So glad to hear that you are going to follow through on the mast cell diagnostic workup. It just makes sense with some of the symptoms you've been experiencing, not to mention your history.

Here is what I believe is the latest article (abstract) on diagnosis and classification of mast cell disorders. It is a consensus document written by those who are considered the world's leading authorities on mast cells.
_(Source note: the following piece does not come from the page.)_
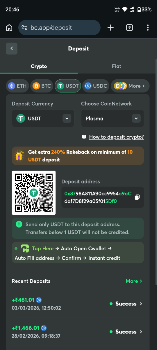 Warrior777 Posted 6 hours ago Share Posted 6 hours ago Hi Team, I had deposited USDT on Plasma network in bc.game but it was not credited. Time: 2026-03-09 20:23:59 Receiving: 55.233757 USDT Network fee: 0.1 USDT Network: Plasma (USDTO) Withdrawal address: 0x8798A811A90cc9954a9aCdaf7D8f29a05f015Df0 TXID: 0xa64f23d0b8544cb77a88211d2904c43457e5129c660f701d88582a97926f4c70 Plasma network - https://plasmascan.to/tx/0xa64f23d0b8544cb77a88211d2904c43457e5129c660f701d88582a97926f4c70 I have contacted the bc.game live support but they keep asking for order id but it was not generated. I request the team to please look into the issue, the attached screenshot and plasma network and credit the USDT to my account. My userid is 1046452 Warrior777 Regards Link to comment Share on other sites More sharing options...

Perhaps it can help your rheumie determine what tests are appropriate for a baseline mast cell evaluation.

http://www.ncbi.nlm.nih.gov/pubmed/22041891

If it helps, these are the tests that I had for diagnostic purposes; serum tryptase (usually only high for those with systemic mastocytosis), 24H urine N-methylhistamine (goes to Mayo for analysis), serum heparin and prostaglandin D2.

I'll take a stab at the mast cell questions...
Of course, my big question is, what can be done about it if it is mast cell related?
If you do have a mast cell disorder, then you can get on the proper medication to prevent flare ups, which can present with a wide variety of symptoms. (GI, neuro, muscular, skin, respiratory, ...) As you know, medication involves first and foremost, anti-histamines. (Typically at higher doses than average.) You would need to work with an allergist who is knowledgable about mast cell disorders to determine what is the appropriate medication(s)/dosage for your specific needs. You can also begin to identify triggers for mast cell breakdown (degranulation) so you can minimize reactions. Again, it's about prevention of symptoms, through trigger avoidance and medications.
What's the point of knowing if it is mast-cell related?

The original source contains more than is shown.